Results from (a) Experiment 1 (upright letters) and (b) Experiment 2 (rotated letters). The graphs show mean reaction times on different trials as a function of stimulus onset asynchrony (SOA), separately for within-category and between-category trials. Error bars represent ±1 SE of the mean difference score for a given SOA.

The magnitude of the category effect did not vary reliably among the nonzero SOAs, but as Figure 2a illustrates, the effect became more reliable as SOA increased. Simultaneous Levine tests showed that variance was significantly higher at the 150-ms SOA than at the other delays and decreased from the 300-ms to the 450-ms SOA, ps < .01.

It may at first appear that these results are compatible with two accounts: a conceptual-penetration account, in which categories affect visual representations, and a decision-level account, in which same-category pairs (e.g., Bb) introduce a "same" response bias that competes with the desired "different" response. According to the latter account, the decision to respond "same" or "different" is a linear combination of two input channels, one used to make the decision on the basis of visual features and one used to make the decision on the basis of conceptual features (Hawkins et al., 1990); the existence (and size) of the category effect would then depend on the weights assigned to the channels. However, in the present paradigm, neither the visual nor the conceptual response alternatives can compete until both stimuli are visible (i.e., the channel weights are effectively 0 until both stimuli are present). Thus, a decision-level account predicts a category effect that is independent of SOA (see A Test of the Decision-Level Model Account in the Supplemental Material available online). In contrast, according to the conceptual-penetration account, categorization of the first stimulus influences the perceptual processing of the second, and the feedback effect of categories on perceptual processing is more limited when the stimuli are presented simultaneously or with a short SOA.

Experiment 2

We hypothesized that conceptual effects on perceptual processing are modulated by the strength of the association between the visual form and the conceptual category (Lupyan, 2007, 2008a). Manipulations that disrupt this association are therefore predicted to reduce or eliminate the conceptual-penetration effect (the RT difference between Bb and Bp trials). In Experiment 2, we achieved such disruption by repeating the procedures of Experiment 1 with the stimuli rotated 90°. Rotating the stimuli preserved the physical relationship between them, but we assumed it would partially disrupt the association between the visual forms and the conceptual categories. Fifteen University of Pennsylvania undergraduates participated for course credit.
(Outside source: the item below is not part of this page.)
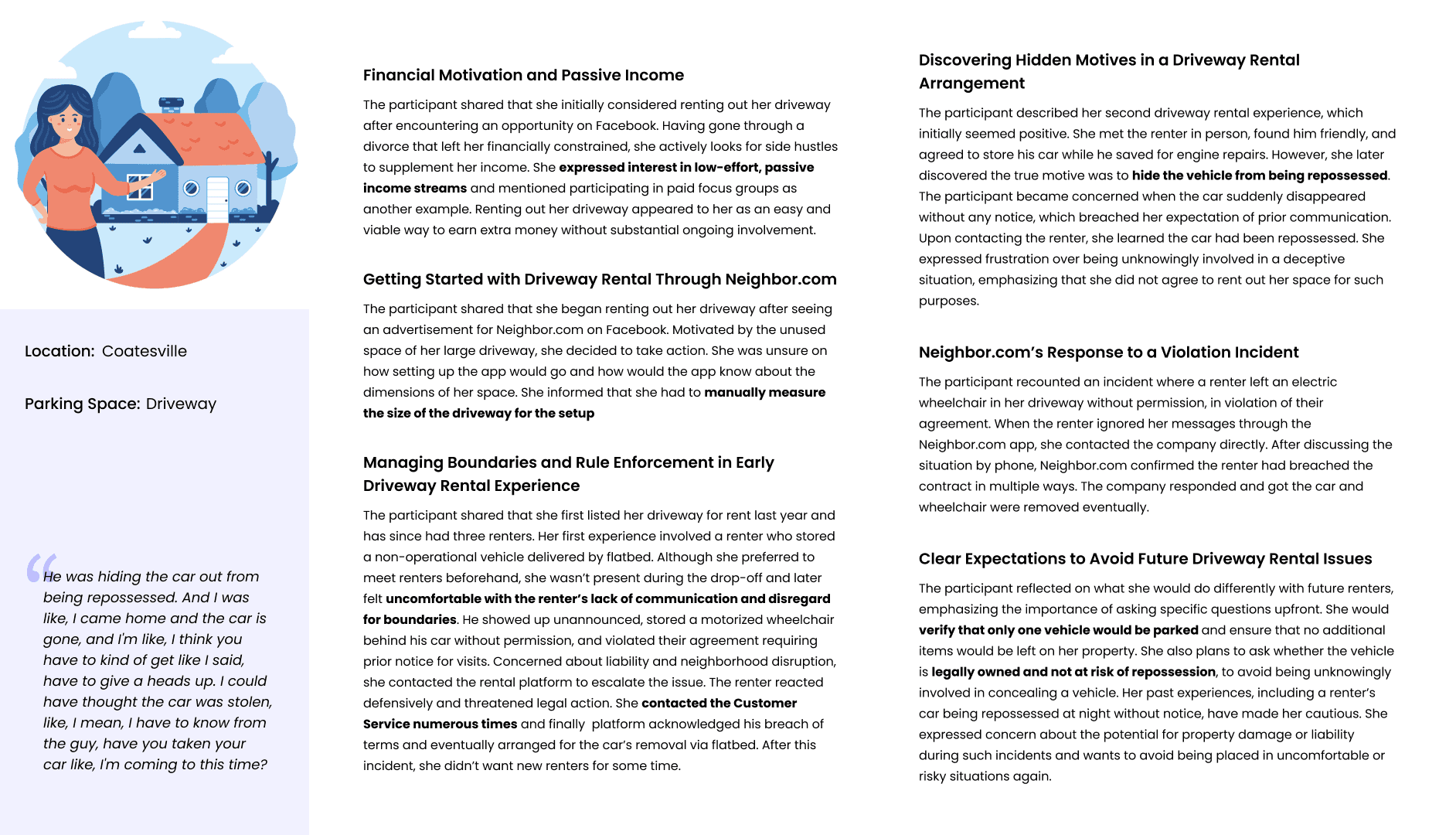 At the same time, I spoke to homeowners who had unused driveways or garages. While many were open to the idea of renting their space, most of them had never actually done it. Their feedback was hypothetical and based on assumptions, not lived experience. This made me realize that although their opinions were useful, they were not the right users to deeply understand real problems.

Trials responded to incorrectly were excluded from analysis, as were trials with RTs shorter than 200 ms or longer than 1,200 ms (1.0%). In contrast to Experiment 1, which showed a large effect of category type on sequential trials, Experiment 2 showed no evidence of a category effect, as confirmed by a repeated measures ANOVA with category effect as a fixed factor F(1, 14) < 1 (Fig. 2b). Accuracy was high (M = 96.5%) and did not significantly differ between conditions; the direction of accuracy differences mirrored the direction of RT analyses.

To compare Experiments 1 and 2 directly, we tested the three-way Experiment × SOA (zero vs. nonzero) × Category Type interaction, which proved to be significant, F(1, 25) = 4.03 p = .048. Further analysis revealed that the Experiment × Category Type interaction was significant for the sequential trials, F(1, 25) = 7.10, p = .010, but not for the simultaneous trials, F < 1. That is, although responses to the sequential between-category (Bp) trials were significantly faster than responses to the sequential within-category (Bb) trials in Experiment 1 (Mbetween = 535 ms, Mwithin = 573 ms), this pattern did not hold for sequential trials in Experiment 2 (Mbetween = 577 ms, Mwithin = 580 ms).

These results confirm the prediction that manipulations that maintain all the low-level visual components of the stimuli, but disrupt their relation to the conceptual category, are sufficient to disrupt conceptual effects on visual processing.

Experiment 3

We reasoned that just as disrupting the association between the visual form and its category decreased the influence of the conceptual category on visual processing, strengthening the association would increase the strength or speed of the category effect.

Method

This experiment was identical to Experiment 1 except that the main task was preceded by a 5-min overt categorization task in which participants were instructed to respond with the “b” key to Bs and bs and with the “p” key to ps. On each trial, one letter appeared by itself randomly in one of the four positions used in Experiment 1 and remained on the screen until a response. There were 80 b trials and 80 p trials randomly intermixed. Following this categorization task, the same/different judgment trials were presented as in Experiment 1. Nineteen University of Pennsylvania undergraduates participated for course credit.

Results and discussion

Mean RT for the overt classification phase was 492 ms (decreasing from 532 ms for the first 40 trials to 472 ms for the last 40). Classification errors were rare (< 5%). As in Experiment 1, the RT analysis of the same/different task excluded incorrect responses and trials with RTs shorter than 200 ms or longer than 1,200 ms (2.2%).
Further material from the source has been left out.